Conan Doyle’s work clanged with negative stereotyping. Kehoe’s character “McGinty” was a “black-maned giant, bearded to the cheek-bones, and with a shock of raven hair which fell to his collar.” His eyes were “of a strange dead black,” his complexion “as swarthy as an Italian.” He had an “enormous hand, which was hairy as a gorilla's.”

In Sherlock Holmes’ Pennsylvania case, the Irishmen under “McGinty’s” command committed murder at his will. They swaggered and drank and fought. They beat an elderly newspaperman until his “white hair was dabbled with patches of blood.” And they swapped murders—and rewarded young men with a few dollars for committing their murders for them. In other words, Conan Doyle trotted out McParlan’s trial testimony almost verbatim.

These Irishmen invited McParlan’s character “McMurdo” to join them in their murderous society. They burned his arm with their society’s brand. And, as in Pinkerton’s work, “McMurdo” confided his criminal past to these savage Irishmen.

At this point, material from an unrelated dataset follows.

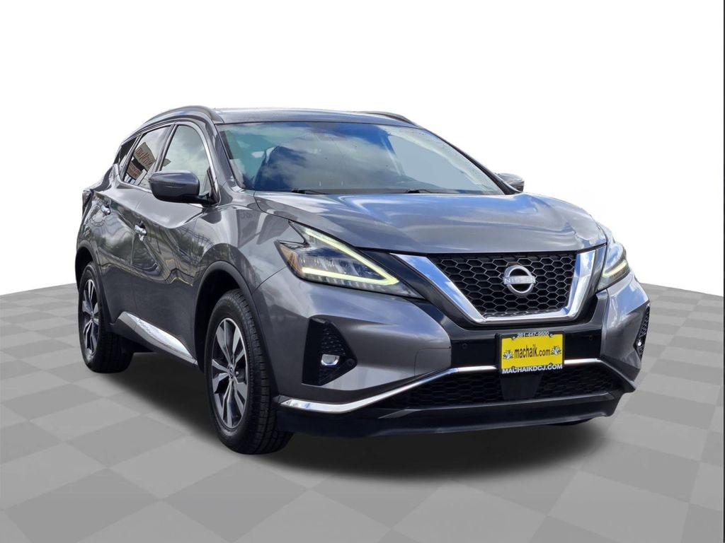 This 2023 Nissan Murano SV in Gun Metallic includes the following features: 3.5L V6 DOHC 24V CVT with Xtronic AWD Mac Haik Certified, CVT with Xtronic, AWD, 4-Wheel Disc Brakes, 4.667 Axle Ratio, 6 Speakers, ABS brakes, Air Conditioning, Alloy wheels, AM/FM radio: SiriusXM, AM/FM/CD/MP3/WMA Audio System, Auto High-beam Headlights, Auto-dimming Rear-View mirror, Automatic temperature control, Blind Spot Warning, Brake assist, Bumpers: body-color, Carpeted Floor Mats & Carpeted Cargo Mat, CD player, Child-Seat-Sensing Airbag, Delay-off headlights, Driver door bin, Driver vanity mirror, Dual front impact airbags, Dual front side impact airbags, Electronic Stability Control, Four wheel independent suspension, Front anti-roll bar, Front Bucket Seats, Front Center Armrest, Front dual zone A/C, Front fog lights, Front reading lights, Fully automatic headlights, Heated door mirrors, Heated Front Bucket Seats, Heated front seats, Illuminated entry, Knee airbag, Leatherette-Appointed Seat Trim, Low tire pressure warning, NissanConnect featuring Apple CarPlay and Android Auto, Occupant sensing airbag, Outside temperature display, Overhead airbag, Overhead console, Panic alarm, Passenger door bin, Passenger vanity mirror, Power door mirrors, Power driver seat, Power passenger seat, Power steering, Power windows, Radio data system, Rear anti-roll bar, Rear reading lights, Rear seat center armrest, Rear side impact airbag, Rear window defroster, Rear window wiper, Remote keyless entry, Security system, Speed control, Speed-sensing steering, Speed-Sensitive Wipers, Split folding rear seat, Spoiler, Steering wheel mounted audio controls, Tachometer, Telescoping steering wheel, Tilt steering wheel, Traction control, Trip computer, Turn signal indicator mirrors, Variably intermittent wipers, and Wheels: 18" Machined Aluminum-Alloy. 20/28 City/Highway MPG

In Conan Doyle’s version “McMurdo” tells “McGinty” he has killed a man in Chicago, a man who helped him “shove the queer” [pass counterfeit bills]. “I just killed him and lighted out for the coal country,” McParlan’s character tells Kehoe’s character. Forty years after Schuylkill County’s first “Molly Maguire” arrests, the character of Schuylkill’s AOH men was again under direct assault—this time in Sir Arthur Conan Doyle’s fiction.

But McParlan's lurid statements of murder and counterfeiting—given in person during trial testimony and glamorized by writers of fiction—had helped send 21 Irish Catholic men to the gallows. Those statements inflamed the ethnic hostility that allowed scores of “Molly Maguire” prosecutions to move forward.

Was McParlan’s trial testimony the truth, or was it fiction?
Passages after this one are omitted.